Research aimed at solving this puzzle faced an array of obstacles: extremely low levels the proteinaceous binding media in the polychrome layers of Qin Shihuang’s terracotta army have survived being submerged in almost six meters of water-saturated loess for more than two millennia.
“Following almost 22 centuries of storage under these conditions, the remaining pieces of original polychromy that have survived on the sculptures contain extremely small amounts of the binding media,” the researchers wrote in an article titled “Identification of proteinaceous binding media for the polychrome terracotta army of Emperor Qin Shihuang by MALDI-TOF-MS.”
“A large amount of the polychromy has already been lost through pillaging as well as damage resulting from fires and the long-lasting effect of water,” they explained.
To solve the more than 2000-year-old enigma, these researchers used matrix-assisted laser desorption/ionization time-of-flight mass spectrometry (MALDI-TOF-MS) to identify the binding material. MALDI-TOF-MS offers high levels of sensitivity, requires only a minimal sample pretreatment process and can be used to reliably identify different types of proteinaceous material.
The researchers prepared “artificially aged” model samples by mixing different pigments with either animal glue or an adhesive concocted from free-range chicken eggs. To replicate the processes involved in the degradation of the pigments and binding media of the actual terracotta warriors, the model samples were buried in loess soil at a depth of one meter for one year.
Historical samples of the polychrome terracotta army were obtained from the Museum of Emperor Qin Shihuang’s Terracotta Army in Xi’an to facilitate a comparative analysis.
Proteins were extracted from the model samples and from the historical samples, and the extracts were subjected to an ultrasonic bath treatment. The mixtures were then centrifuged and the supernatants collected. A method involving the complexation of EDTA in combination with dialysis was used to eliminate any interference in the polychrome layers taken from the historical samples. The extracted proteins were hydrolyzed with sequencing grade trypsin to generate peptide fragment.
The binding media of the historical and model samples were analyzed by MALDI-TOF-MS, and the resulting peptide mass fingerprints of each sample were compared.
The peptide mass fingerprints of the historical samples were very similar to those of the animal glue model samples, having most peak masses in common.

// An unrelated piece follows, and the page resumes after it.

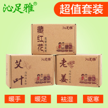 艾草泡脚药包祛湿去脚臭粉红花老姜足浴粉三件套装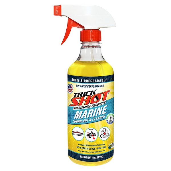 Use Trick Shot Marine Lubricant & Cleaner with confidence for all your tough applications to fight corrosion, clean & degrease, protect fiberglass, and lubricate. Trick Shot Marine Lubricant & Cleaner is 100% biodegradable and qualifies as a VGP environmentally acceptable lubricant, making it safe and hazard free for use around waterways.

The data obtained from the peptide mass fingerprints revealed that animal glue was present in the polychrome layers of Qin Shihuang’s terracotta army even though this proteinaceous binding material underwent significant changes in terms of protein content during the two millennia the terracotta army was deployed underground. The binding media could be ascertained due to the fact that the peptide mass fingerprint of the animal glue proteins could be identified with certainty.
“To the best of our knowledge,” wrote the five researchers, “this work represents the first account of the proteinaceous binding media from a 2200-year-old historical sample in China being identified by MALDI-TOF-MS.”